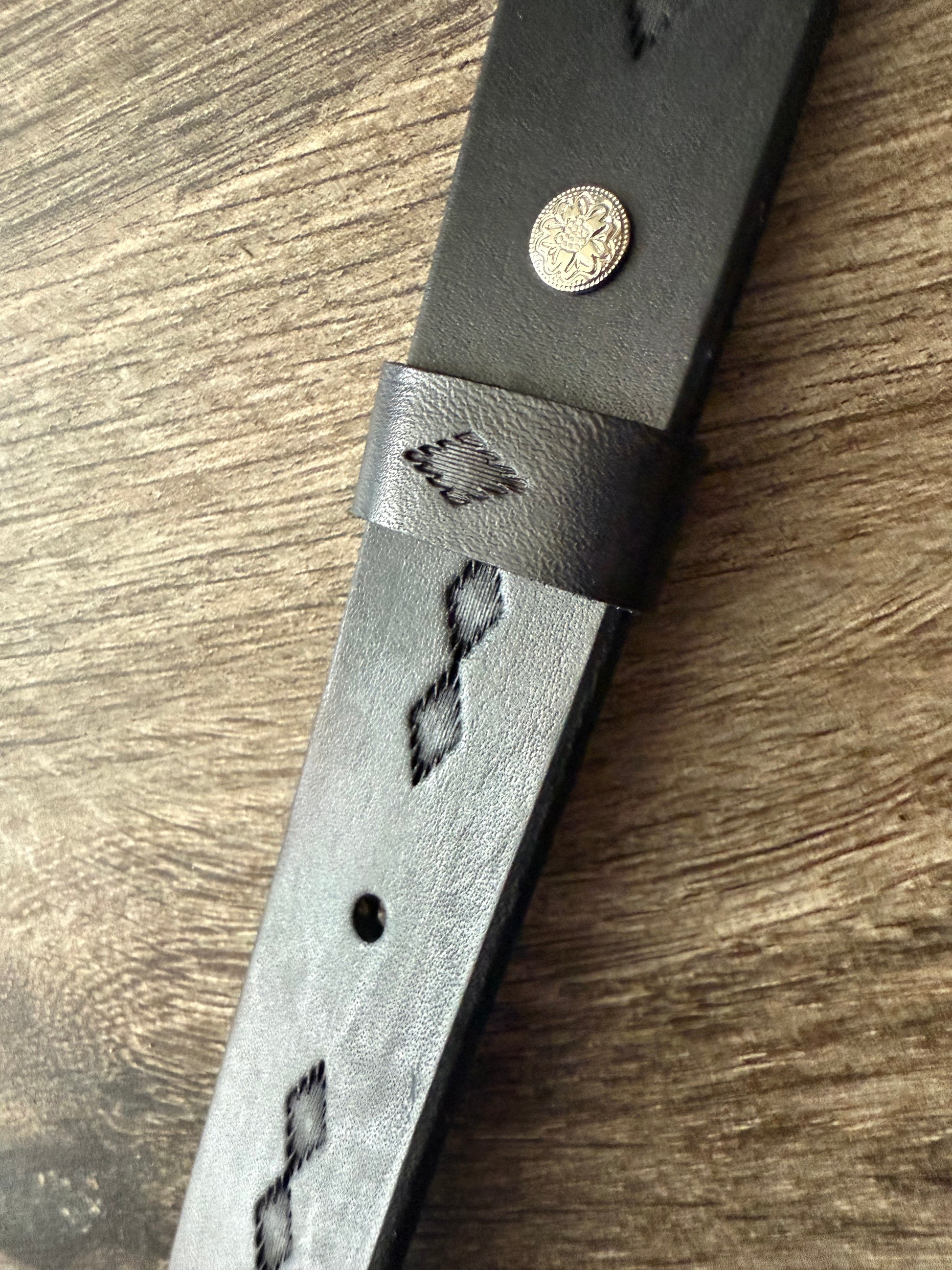 Gorgeous hand-tooled southwestern pattern finished in antique black. Features a premium Horse Shoe brand western floral concho and floral Chicago screw for length adjustment. Made from full-grain 8-9 oz veg-tanned leather. 1.25-inch width, adjustable length (33- to 43-inch). Option to include swivels.
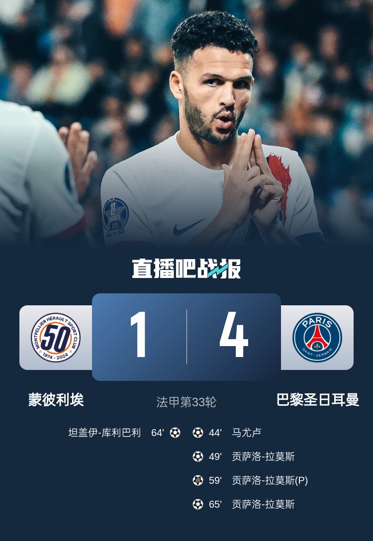法甲第33轮,巴黎4-1蒙彼利埃取得近四轮首胜。上半场,特纳斯献神扑,巴尔科拉爆射中楣,马尤卢抽射打破僵局;下半场,拉莫斯完成帽子戏法
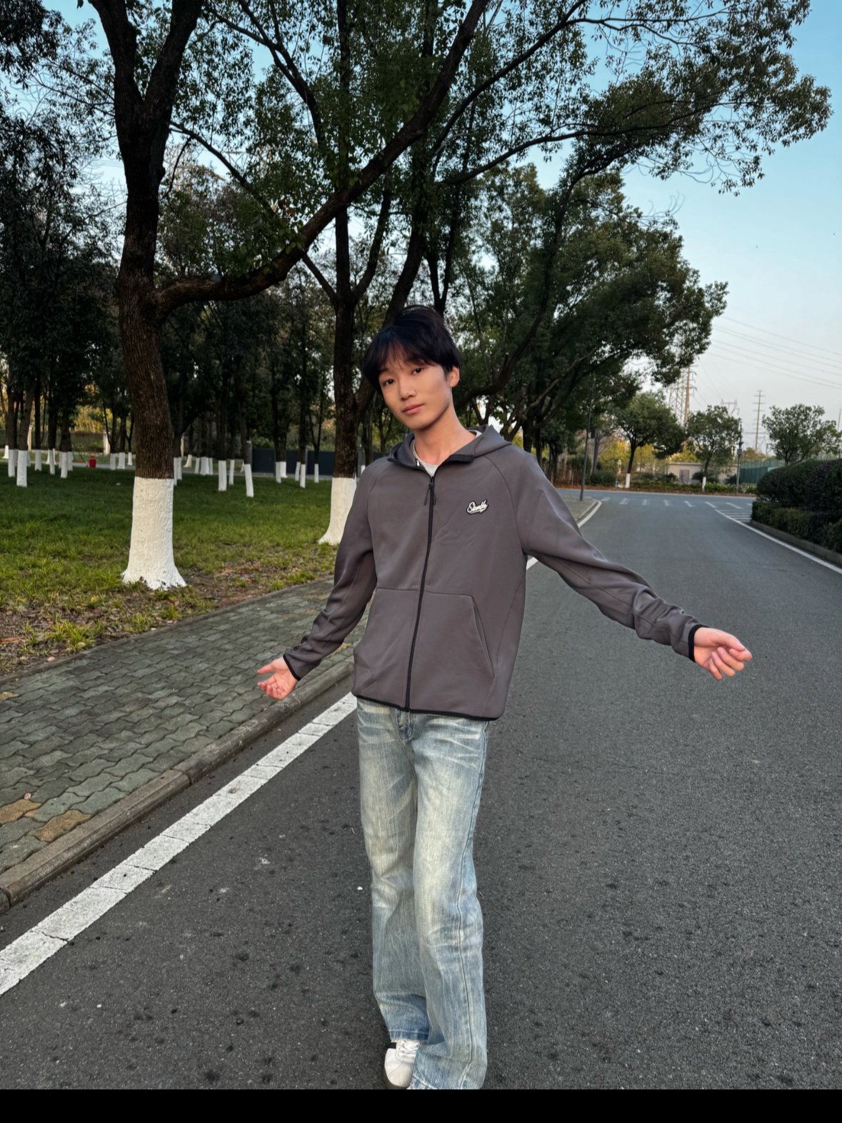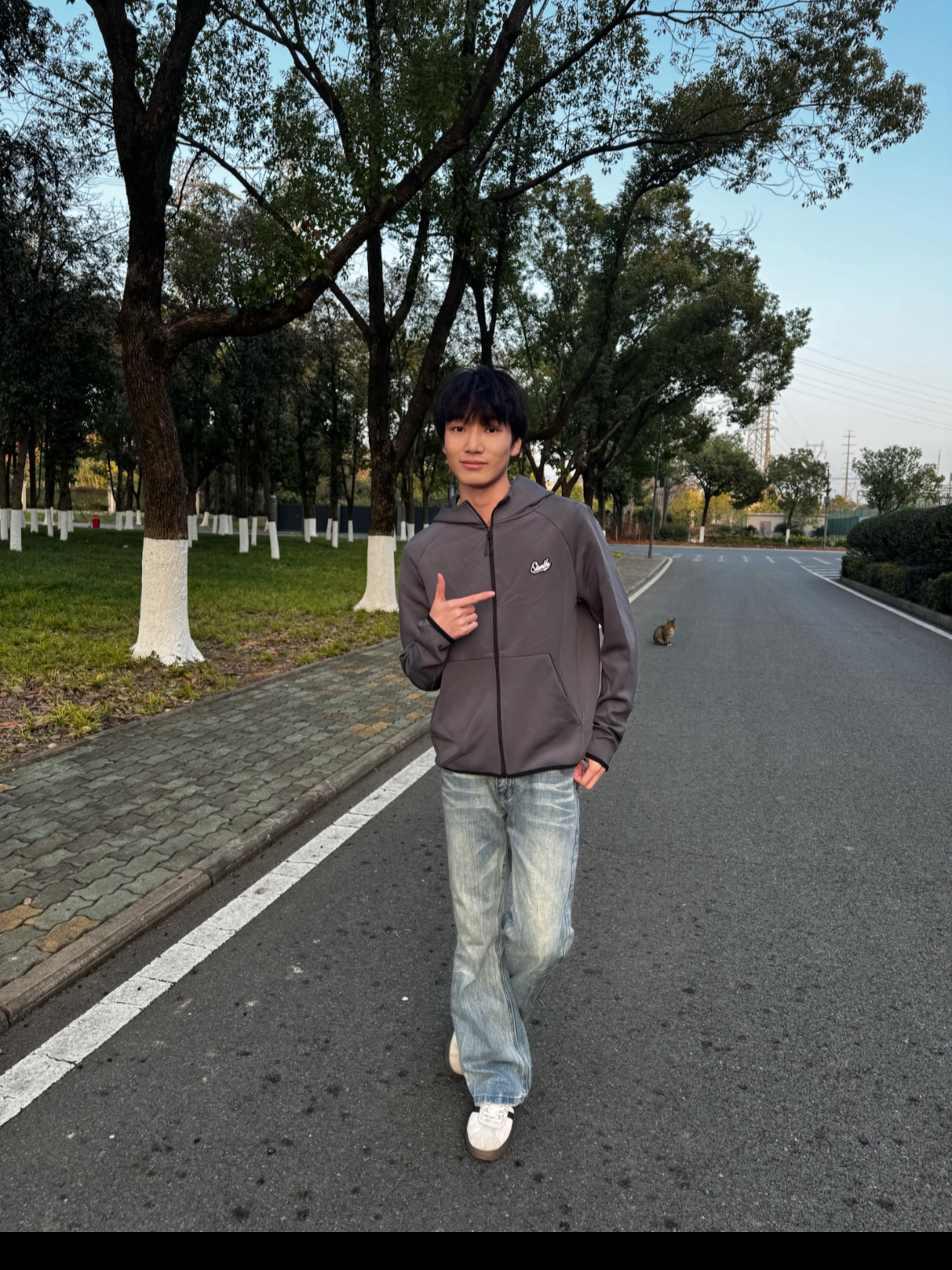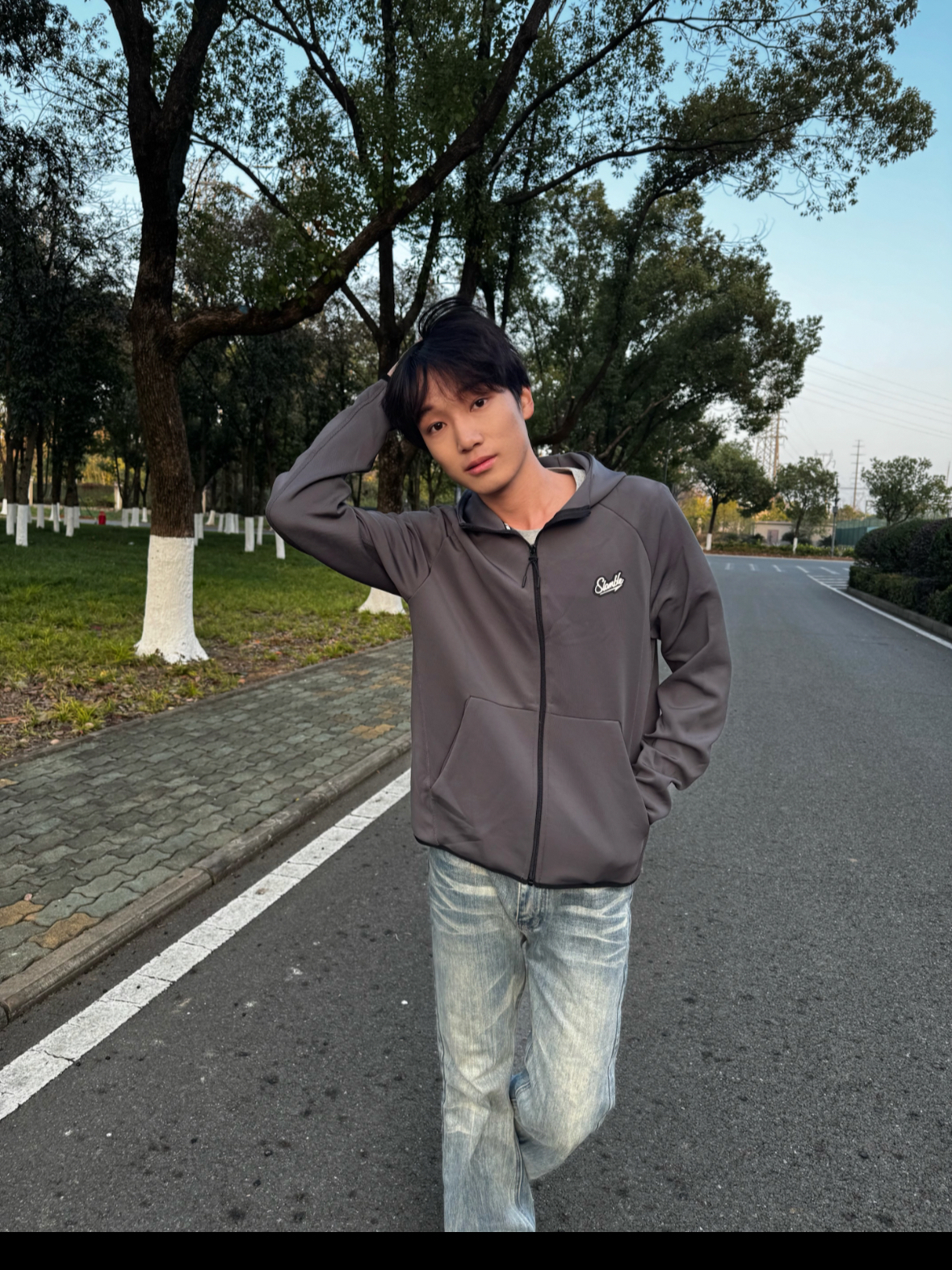 • 今日上身Slamble灰色连帽拉链外套,简约的深灰色调,胸前小logo做点缀,街头休闲风拉满 • 面料是顺滑的软质材质,上身亲肤又透气,连帽设计还能增加穿搭层次感 • 版型是宽松的休闲款,搭配牛仔裤超适配,日常出街、户外溜达穿都很合适 • 小帅身高178体重115穿M码.
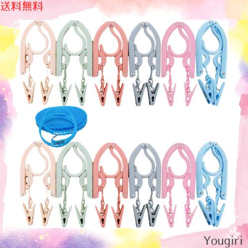 YOUOWO 旅行ハンガー 携帯ハンガー 12個入り 洗濯ロープ1本 旅行用ハンガー セット 折りたたみ式 旅行 出張など 洗濯 物干し 便利 軽量
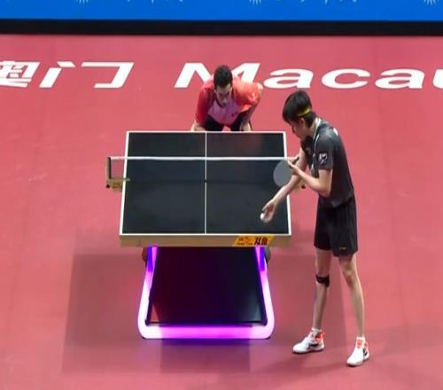 第六局比賽,王楚欽又取得5比1領(lǐng)先,繼而打到8比3領(lǐng)先。這時候,黃鎮(zhèn)廷加快了進攻,連得4分追到了7比8。王楚欽叫了暫停。暫?;貋恚S鎮(zhèn)廷繼續(xù)搶攻得分,扳平了比分。王楚欽出現(xiàn)失誤,黃鎮(zhèn)廷實現(xiàn)了反超。隨后一球,黃鎮(zhèn)廷又主動進攻拿到了局點。
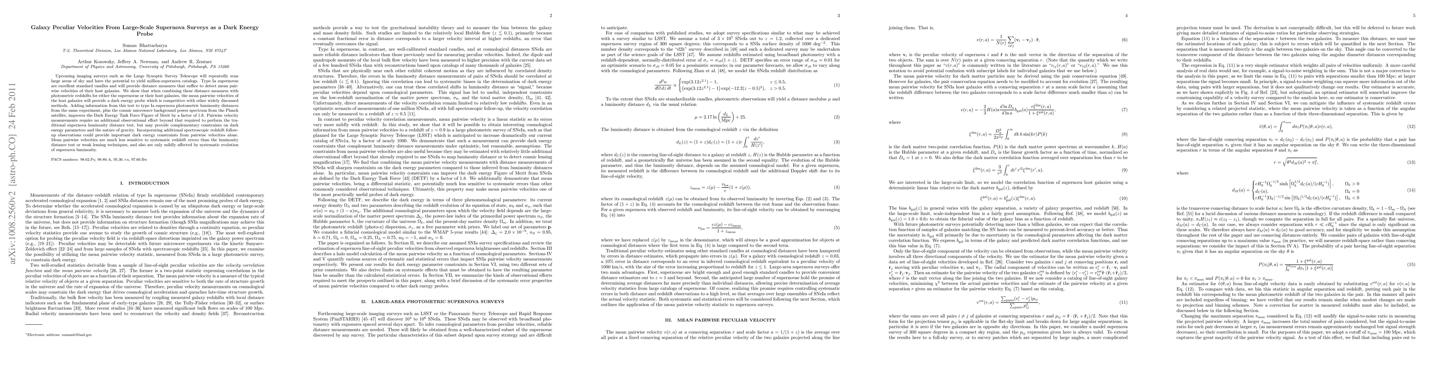 This paper proposes using galaxy peculiar velocities derived from large-scale supernova surveys to probe dark energy, demonstrating that this method is competitive with other techniques. The addition of pairwise velocity measurements to traditional supernova luminosity tests enhances the Dark Energy Task Force Figure of Merit by 1.8, offering complementary constraints on dark energy parameters.

== DIRECTIONS ==
Starting from the line where "第六局比賽,王楚欽又取得5比" appears, copy every line through the end of the material, both ends included, but no pictures.

== EXERCISE RESULT ==
 第六局比賽,王楚欽又取得5比1領(lǐng)先,繼而打到8比3領(lǐng)先。這時候,黃鎮(zhèn)廷加快了進攻,連得4分追到了7比8。王楚欽叫了暫停。暫?;貋恚S鎮(zhèn)廷繼續(xù)搶攻得分,扳平了比分。王楚欽出現(xiàn)失誤,黃鎮(zhèn)廷實現(xiàn)了反超。隨后一球,黃鎮(zhèn)廷又主動進攻拿到了局點。
 This paper proposes using galaxy peculiar velocities derived from large-scale supernova surveys to probe dark energy, demonstrating that this method is competitive with other techniques. The addition of pairwise velocity measurements to traditional supernova luminosity tests enhances the Dark Energy Task Force Figure of Merit by 1.8, offering complementary constraints on dark energy parameters.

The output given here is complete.